As major oil companies released their first-quarter earnings, profits from their petrochemical units hit record highs and demand for petrochemicals is only set to grow.

According to Bloomberg, this trend is worrying for consumers as construction and manufacturing staples such as PVC and ethylene have increased substantially in price due to pandemic-driven demand, supply disruptions, and the post-Covid economic recovery. 

There was a significant increase in demand for several products during the pandemic, most notably - packaging, medical goods, and protective equipment. 

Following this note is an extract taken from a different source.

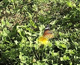 このチョウは「ツマグロヒョウモン」であることがわかりました。翅(はね)の模様は雌雄で異なり、この写真のチョウは雌と思われます。

As demand for PPE and other medical equipment, both for hospital and private use, looks set to continue for the rest of the year, demand in these areas is not expected to falter any time soon. 

This April, ExxonMobil Corp’s petrochemical unit announced Q1 profits of $1.4 billion, an increase of $1.271 billion on Q1 2020. This profit was partly due to market disruptions which led to a fall in the availability of several products, particularly in North America as polyethylene and polypropylene production was hit badly by poor winter conditions. 

Sadara Chemical Company, a joint venture of Saudi Aramco and The Dow Chemical Company, also reported a surge in profits thanks to the increase in petrochemical prices. With Saudi petrochemicals giant SABIC also announcing a major increase in its profits. A total of nine petrochemical companies in Saudi Arabia have gone from reporting losses to profits between Q4 2020 and Q1 2021 thanks to better petrochemical market conditions. 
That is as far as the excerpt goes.